**What to do**
Return the data exactly, apart from leaving out the pictures.

**Data to examine**
▼▼▼

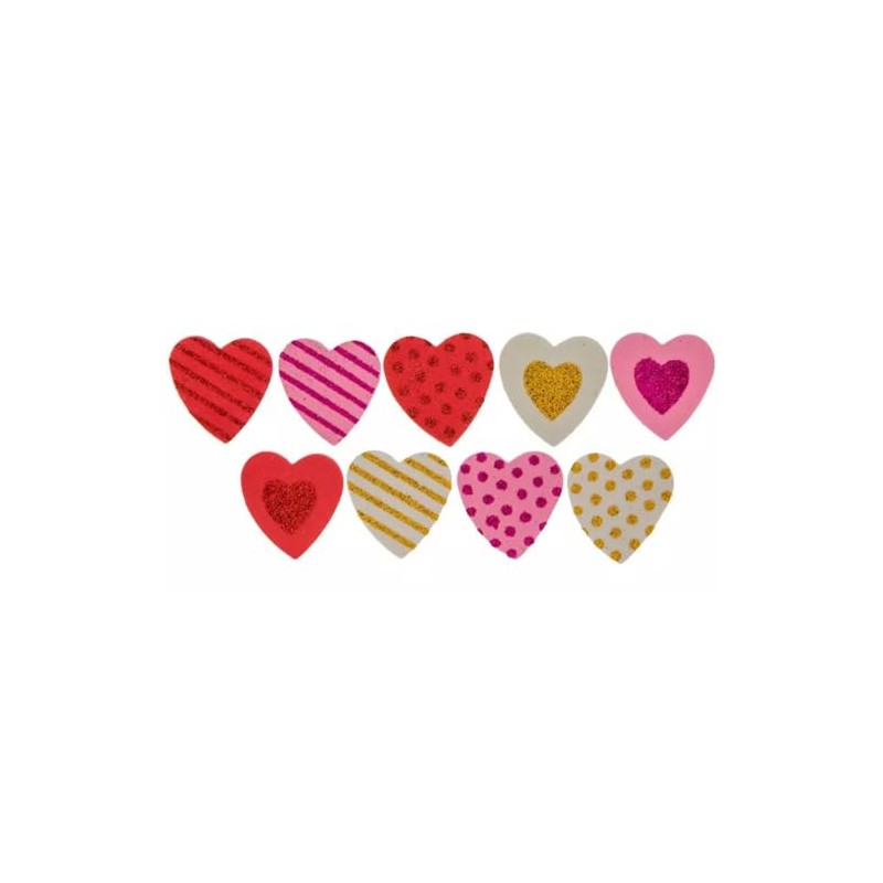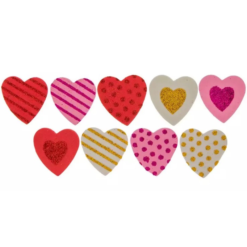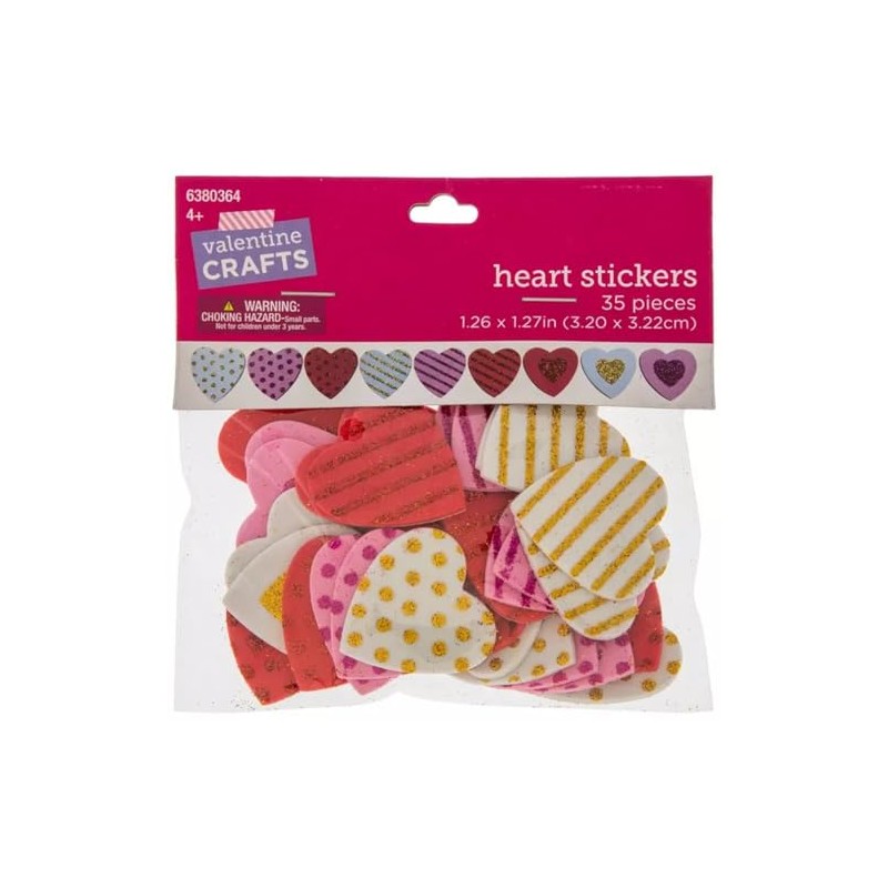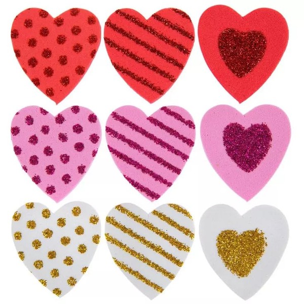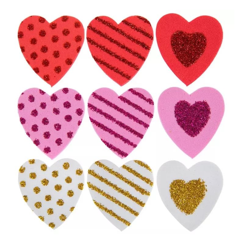 Foam Heart Stickers - Valentines Crafts - Texture Dots Stripes Glitter - 35 Pieces
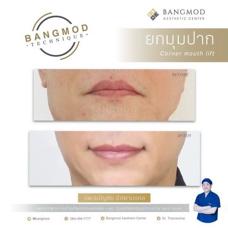 เพื่อตัดแต่งทรงบริเวณมุมปาก ให้มุมปากดูยกขึ้น ซึ่งสามารถผ่าตัดตกแต่งมุมปากไปพร้อมกับการทำปากกระจับ เพื่อให้ได้ผลลัพธ์ที่ดียิ่งขึ้น ให้ทรงปากดูเรียวสวยขึ้นได้ เสมือนกำลังอมยิ้มอยู่ ทำให้ใบหน้าดูหวานและอ่อนโยน  ซึ่งการทำศัลยกรรมยกมุมปากด้วย “เทคนิคบางมด” เป็นการผ่าตัดลงลึกถึงชั้นกล้ามเนื้อที่ใช้ในการยกมุมปาก จึงให้ผลลัพธ์ที่ดูเป็นธรรมชาติ และคงทนยาวนานมาก ด้วยการซ่อนแผลไว้ทางขอบด้านในมุมปาก ซึ่งที่ผ่านมาศูนย์ศัลยกรรมความงามโรงพยาบาลบางมดมีการผ่าตัดศัลยกรรมยกมุมปากด้วยเทคนิคใหม่นี้และให้ผลลัพธ์ที่น่าประทับใจ
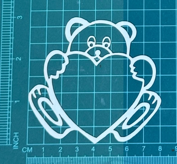 Miś z serduszkiem Scrapek - tekturka wycięty laserem z beermaty o grubości 1,5 mm. Wymiary jak na zdjęciu. Kod produktu to: LBA00849
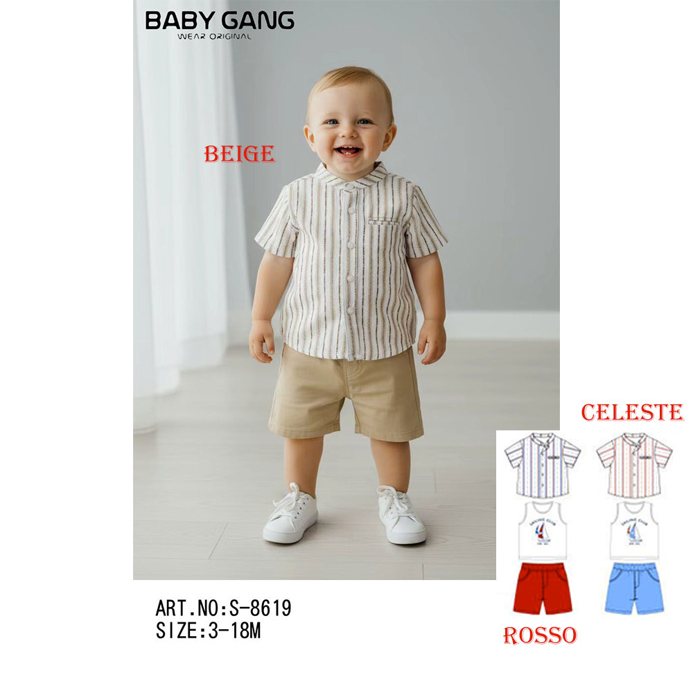 Completo neonato estate composto da camicia alla koreana m/m, canotta e bermuda in cotone Baby Gang Tg. 3/18 mesi Assortimento per Tg. e colore min. 4 pz. Tg. 3/6-6/9-9/12-12/18
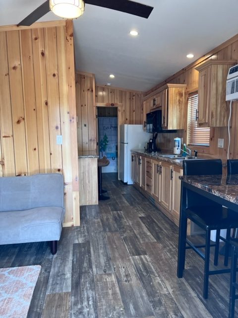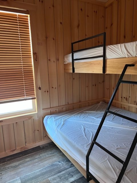 Cabins located next to the pool and beach area, sleep a total of 6 people. 1 bedroom with a queen bed and 2 lofts with 2 single beds in each. Poolside Cabins include air conditioning, refrigerator, microwave, Keurig coffee-maker, toaster, picnic table, charcoal grill, electric cooktop, and fire pit. Kitchen utensils, plates, pots & pans, and glassware are not being provided currently due to Covid-19.
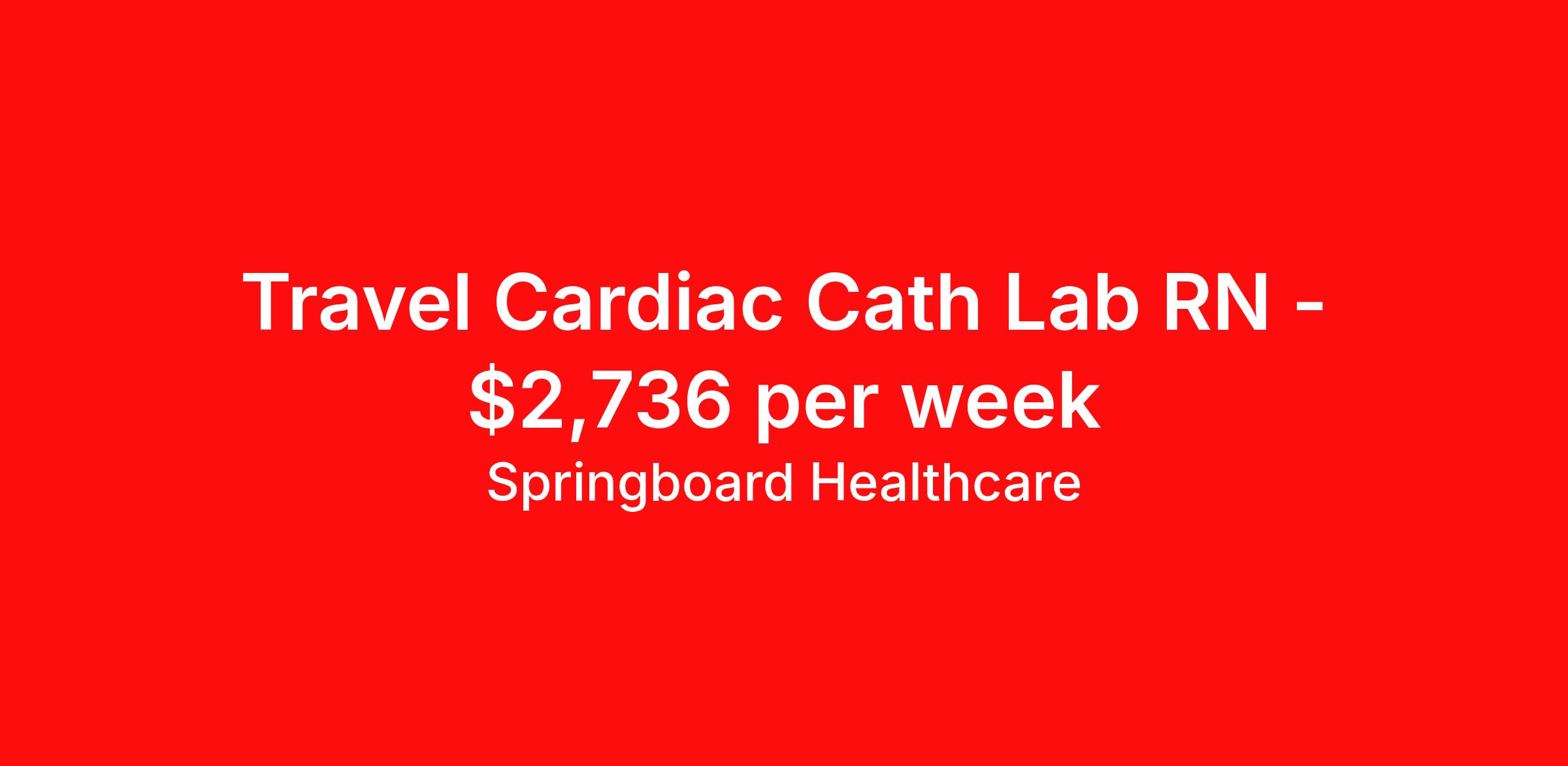 Springboard Healthcare is seeking a travel nurse RN Cardiac Cath Lab for a travel nursing job in Bloomington, Illinois. Job Description & Requirements Specialty: Cardiac Cath Lab Discipline: RN Start Date: 03/30/2026 Duration: 13 weeks 36 hours per week Shift: 9 hours Employment Type: Travel Springboard Healthcare Job ID 836861. Pay package is based on 9 hour shifts and 36 hours per week (subject to confirmation) with tax-free stipend amount to be determined. Posted job title: Cath Lab RN
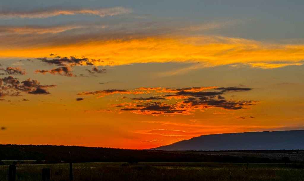 FE. After a great lunch we drive back to the cabin on Fruitland Mesa, and enjoy a wonderful sunset sitting outside, sipping wine, admiring nature without the sound of machines and watching birds.
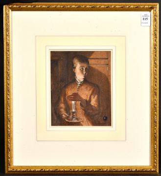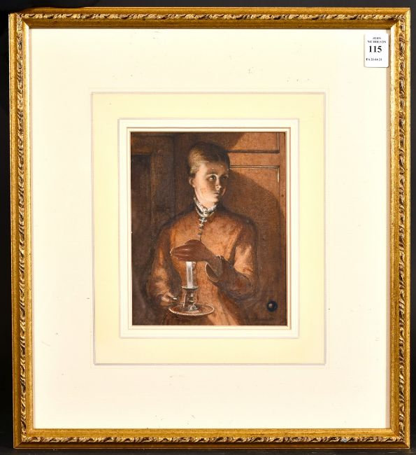 Follower of William Henry Hunt, O.W.S. (1790-1864) British, A young lady with a candle, watercolour with pencil heightened with bodycolour, 22.5 x 15 cm

▲▲▲

**Written solution**
 Foam Heart Stickers - Valentines Crafts - Texture Dots Stripes Glitter - 35 Pieces
 เพื่อตัดแต่งทรงบริเวณมุมปาก ให้มุมปากดูยกขึ้น ซึ่งสามารถผ่าตัดตกแต่งมุมปากไปพร้อมกับการทำปากกระจับ เพื่อให้ได้ผลลัพธ์ที่ดียิ่งขึ้น ให้ทรงปากดูเรียวสวยขึ้นได้ เสมือนกำลังอมยิ้มอยู่ ทำให้ใบหน้าดูหวานและอ่อนโยน  ซึ่งการทำศัลยกรรมยกมุมปากด้วย “เทคนิคบางมด” เป็นการผ่าตัดลงลึกถึงชั้นกล้ามเนื้อที่ใช้ในการยกมุมปาก จึงให้ผลลัพธ์ที่ดูเป็นธรรมชาติ และคงทนยาวนานมาก ด้วยการซ่อนแผลไว้ทางขอบด้านในมุมปาก ซึ่งที่ผ่านมาศูนย์ศัลยกรรมความงามโรงพยาบาลบางมดมีการผ่าตัดศัลยกรรมยกมุมปากด้วยเทคนิคใหม่นี้และให้ผลลัพธ์ที่น่าประทับใจ
 Miś z serduszkiem Scrapek - tekturka wycięty laserem z beermaty o grubości 1,5 mm. Wymiary jak na zdjęciu. Kod produktu to: LBA00849
 Completo neonato estate composto da camicia alla koreana m/m, canotta e bermuda in cotone Baby Gang Tg. 3/18 mesi Assortimento per Tg. e colore min. 4 pz. Tg. 3/6-6/9-9/12-12/18
 Cabins located next to the pool and beach area, sleep a total of 6 people. 1 bedroom with a queen bed and 2 lofts with 2 single beds in each. Poolside Cabins include air conditioning, refrigerator, microwave, Keurig coffee-maker, toaster, picnic table, charcoal grill, electric cooktop, and fire pit. Kitchen utensils, plates, pots & pans, and glassware are not being provided currently due to Covid-19.
 Springboard Healthcare is seeking a travel nurse RN Cardiac Cath Lab for a travel nursing job in Bloomington, Illinois. Job Description & Requirements Specialty: Cardiac Cath Lab Discipline: RN Start Date: 03/30/2026 Duration: 13 weeks 36 hours per week Shift: 9 hours Employment Type: Travel Springboard Healthcare Job ID 836861. Pay package is based on 9 hour shifts and 36 hours per week (subject to confirmation) with tax-free stipend amount to be determined. Posted job title: Cath Lab RN
 FE. After a great lunch we drive back to the cabin on Fruitland Mesa, and enjoy a wonderful sunset sitting outside, sipping wine, admiring nature without the sound of machines and watching birds.
 Follower of William Henry Hunt, O.W.S. (1790-1864) British, A young lady with a candle, watercolour with pencil heightened with bodycolour, 22.5 x 15 cm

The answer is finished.